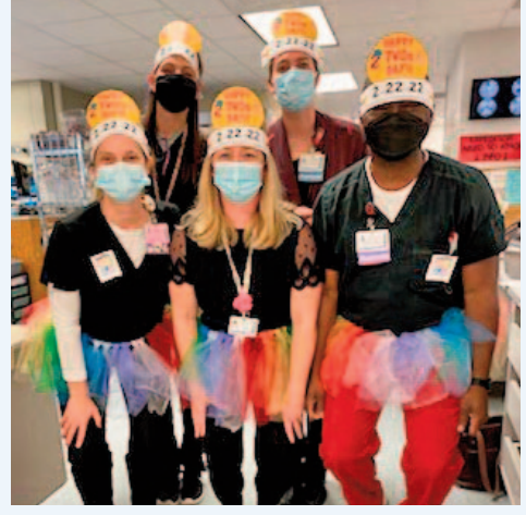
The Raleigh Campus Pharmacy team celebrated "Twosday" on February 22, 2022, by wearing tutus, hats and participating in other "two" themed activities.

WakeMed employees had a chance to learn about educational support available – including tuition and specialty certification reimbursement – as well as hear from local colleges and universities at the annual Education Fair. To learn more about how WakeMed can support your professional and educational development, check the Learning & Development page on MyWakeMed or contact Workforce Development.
——————————
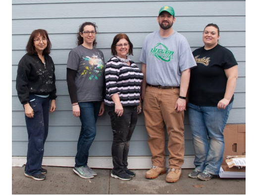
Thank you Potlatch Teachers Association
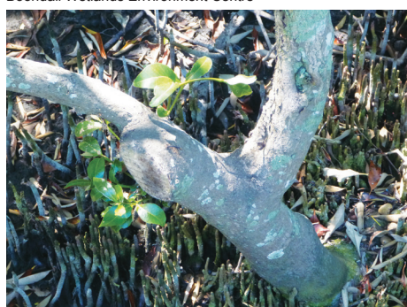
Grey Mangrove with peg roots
——————————
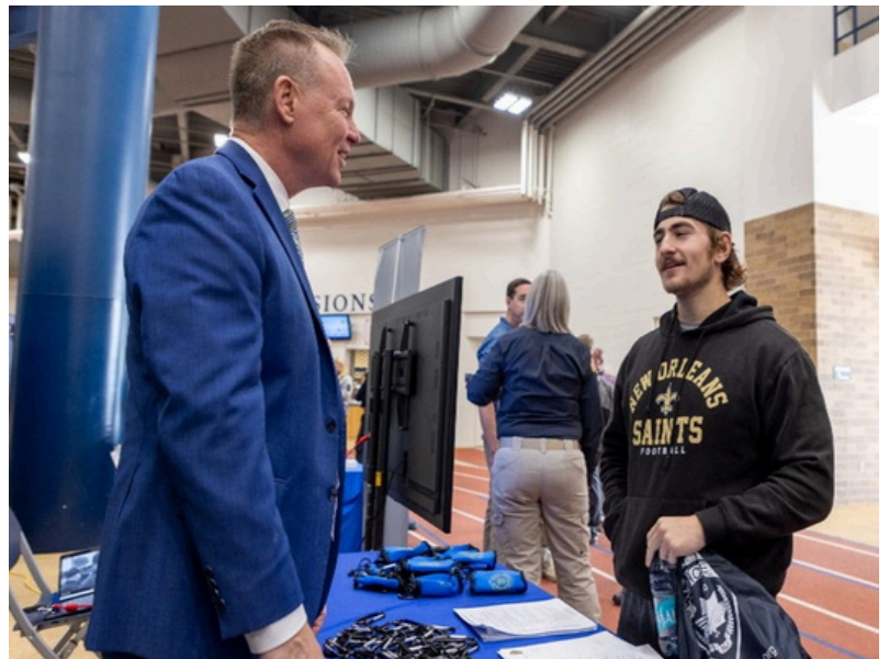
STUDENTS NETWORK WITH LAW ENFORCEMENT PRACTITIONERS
——————————
PROMPT: Copy the entries above exactly, but only from the line holding "The Raleigh Campus" through the line holding "WakeMed employees had", both included.

YOUR RESPONSE:
The Raleigh Campus Pharmacy team celebrated "Twosday" on February 22, 2022, by wearing tutus, hats and participating in other "two" themed activities.

WakeMed employees had a chance to learn about educational support available – including tuition and specialty certification reimbursement – as well as hear from local colleges and universities at the annual Education Fair. To learn more about how WakeMed can support your professional and educational development, check the Learning & Development page on MyWakeMed or contact Workforce Development.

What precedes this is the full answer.